→ TASK STATEMENT
Your copy should hold only the lines from the one holding "Пламегаситель коллекторный 120/110-60" through the last line of the records below, both included, each exact and with no pictures.

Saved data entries

◆ ◆ ◆ ◆ ◆

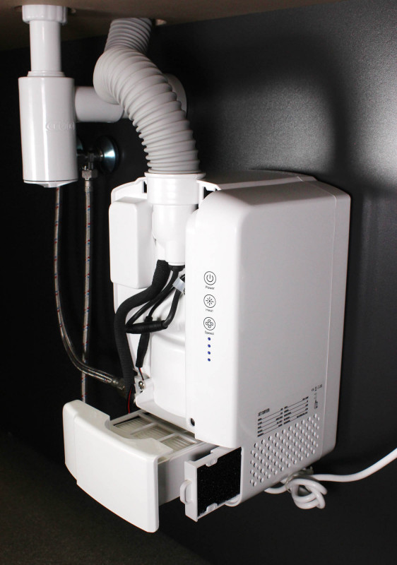 Instalace vysoušeče ve vodovodní baterii Jet Dryer DUO je možná bez nutnosti zásadních stavebních úprav. Jednotka se jednoduše postaví pod umyvadlo. Další možností je montáž na závěsnou desku.
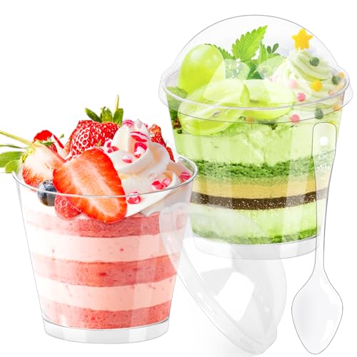 PALUDO 50 Stycken Mini Dessertkoppar med Lock och Skedar, 150ml Dessertglas Plastic Dessertkoppar Klara, Återanvändbara Dessertkoppar Set för Moussepudding Bröllopsfest
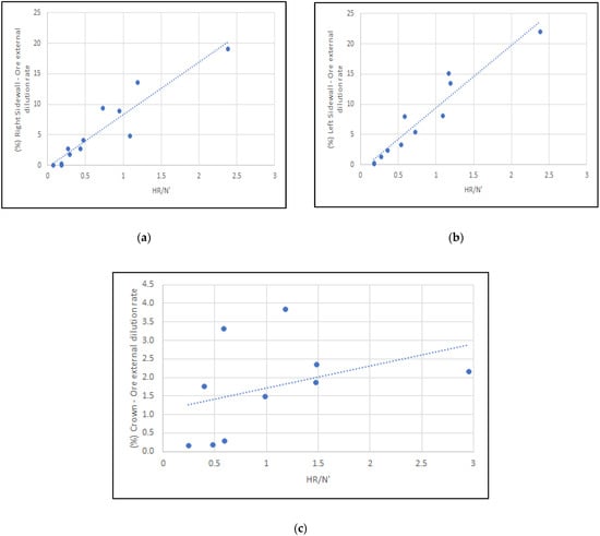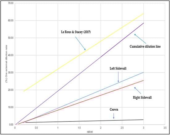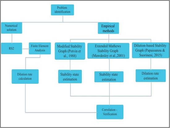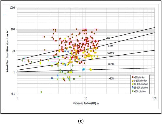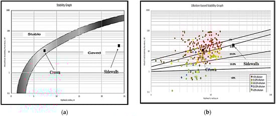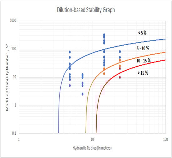 - Clark, L.M.; Pakalnis, R.C. An empirical approach for estimating unplanned dilutionfrom open stope hangingwalls and footwalls. In Proceedings of the 99th Annual General Meeting; [CD-ROM]; Canadian Institute of Mining, Metallurgy and Petroleum: Vancouver, BC, Canada, 1997. [Google Scholar]
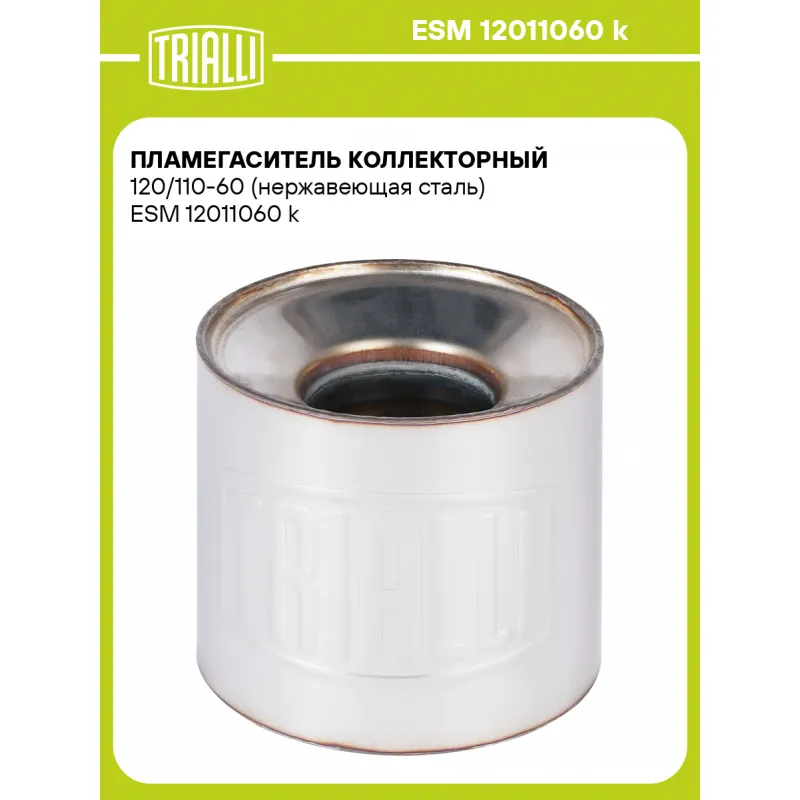 Пламегаситель коллекторный 120/110-60 (нержавеющая сталь) Характеристики: Артикул: ESM 12011060 k OEM номера: 120x110 Материал: Нержавеющая сталь AISI 430 Особенности конструкции:: Труба перфорированная, шерсть нержавеющая, набивка жаро-шумопоглощающая Длина, мм: 110 Диаметр корпуса, мм: 120 Гарантийный срок: 2 года/60 тыс. Диам... Читать полностью →
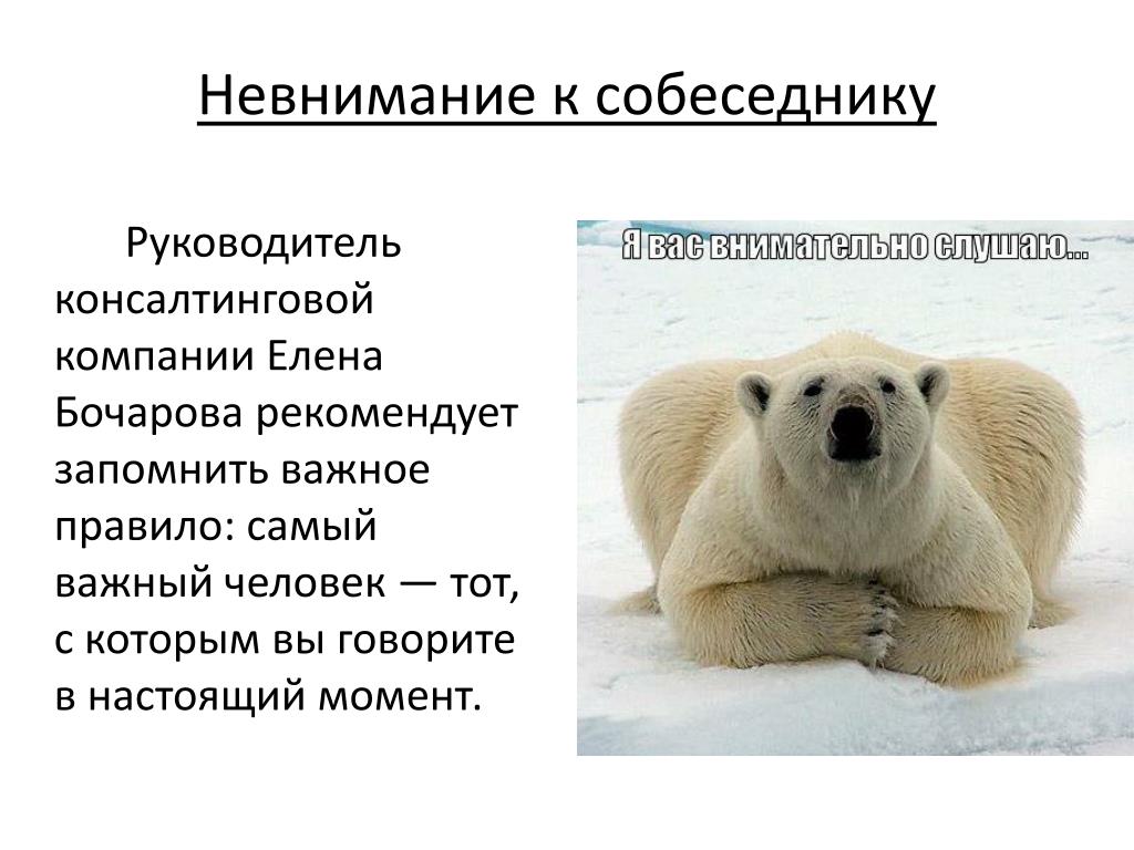 Невнимание к собеседнику Руководитель консалтинговой компании Елена Бочарова рекомендует запомнить важное правило: самый важный человек — тот, с которым вы говорите в настоящий момент.

◆ ◆ ◆ ◆ ◆

→ ANSWER TO THE EXERCISE
 Пламегаситель коллекторный 120/110-60 (нержавеющая сталь) Характеристики: Артикул: ESM 12011060 k OEM номера: 120x110 Материал: Нержавеющая сталь AISI 430 Особенности конструкции:: Труба перфорированная, шерсть нержавеющая, набивка жаро-шумопоглощающая Длина, мм: 110 Диаметр корпуса, мм: 120 Гарантийный срок: 2 года/60 тыс. Диам... Читать полностью →
 Невнимание к собеседнику Руководитель консалтинговой компании Елена Бочарова рекомендует запомнить важное правило: самый важный человек — тот, с которым вы говорите в настоящий момент.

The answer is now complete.